↓↓↓

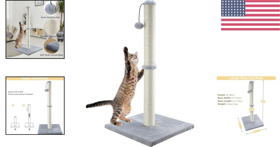 34-Inch Tall Cat Scratching Post - Natural Sisal & Playful Ball for Indoor Cats
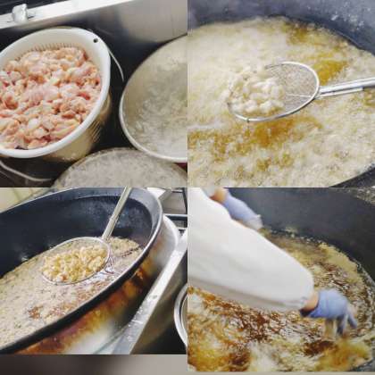 「あげどりのねぎだれかけ」は、鶏肉 に 料理酒、しょうが汁で下味をつけ、でん粉をまぶし、なたね油であげ、白ねぎ、砂糖、米酢 、こいくちしょうゆ、ごま油を合わせたタレをからませています。
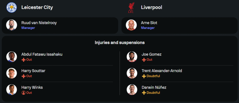ลูกทีมของ รุด ฟาน นิสเตลรอย ยังเอาตัวรอดจากโซนตกชั้นได้แบบหืดจับ หลังล่าสุดบุกเจ๊า ไบรท์ตันฯ 2-2 แบ่งแต้มมาได้ แต่ความพร้อมก่อนลงสนามคืนนี้ไม่สู้ดีนัก โดยจะขาด แฮร์รี่ วิงค์ส ที่ติดโทษแบน และ อับดุล ฟาตาวู แข้งตัวจี๊ดที่เดี้ยง คาดว่ากุนซือดัตช์จะยังใช้ระบบ 4-2-3-1 เช่นเดิม ส่ง เจมี่ วาร์ดี้ เป็นตัวจบสกอร์ โดยมี เคซี่ย์ แม็กอาเตียร์, บิลาล เอล คานนูสส์ และ สเตฟี่ มาวิดิดี้ คอยหนุนหลังสร้างเกมรุก

↑↑↑

* _Directions_
Omit the pictures and write out the remaining data exactly.

* _Output_
 34-Inch Tall Cat Scratching Post - Natural Sisal & Playful Ball for Indoor Cats
 「あげどりのねぎだれかけ」は、鶏肉 に 料理酒、しょうが汁で下味をつけ、でん粉をまぶし、なたね油であげ、白ねぎ、砂糖、米酢 、こいくちしょうゆ、ごま油を合わせたタレをからませています。
ลูกทีมของ รุด ฟาน นิสเตลรอย ยังเอาตัวรอดจากโซนตกชั้นได้แบบหืดจับ หลังล่าสุดบุกเจ๊า ไบรท์ตันฯ 2-2 แบ่งแต้มมาได้ แต่ความพร้อมก่อนลงสนามคืนนี้ไม่สู้ดีนัก โดยจะขาด แฮร์รี่ วิงค์ส ที่ติดโทษแบน และ อับดุล ฟาตาวู แข้งตัวจี๊ดที่เดี้ยง คาดว่ากุนซือดัตช์จะยังใช้ระบบ 4-2-3-1 เช่นเดิม ส่ง เจมี่ วาร์ดี้ เป็นตัวจบสกอร์ โดยมี เคซี่ย์ แม็กอาเตียร์, บิลาล เอล คานนูสส์ และ สเตฟี่ มาวิดิดี้ คอยหนุนหลังสร้างเกมรุก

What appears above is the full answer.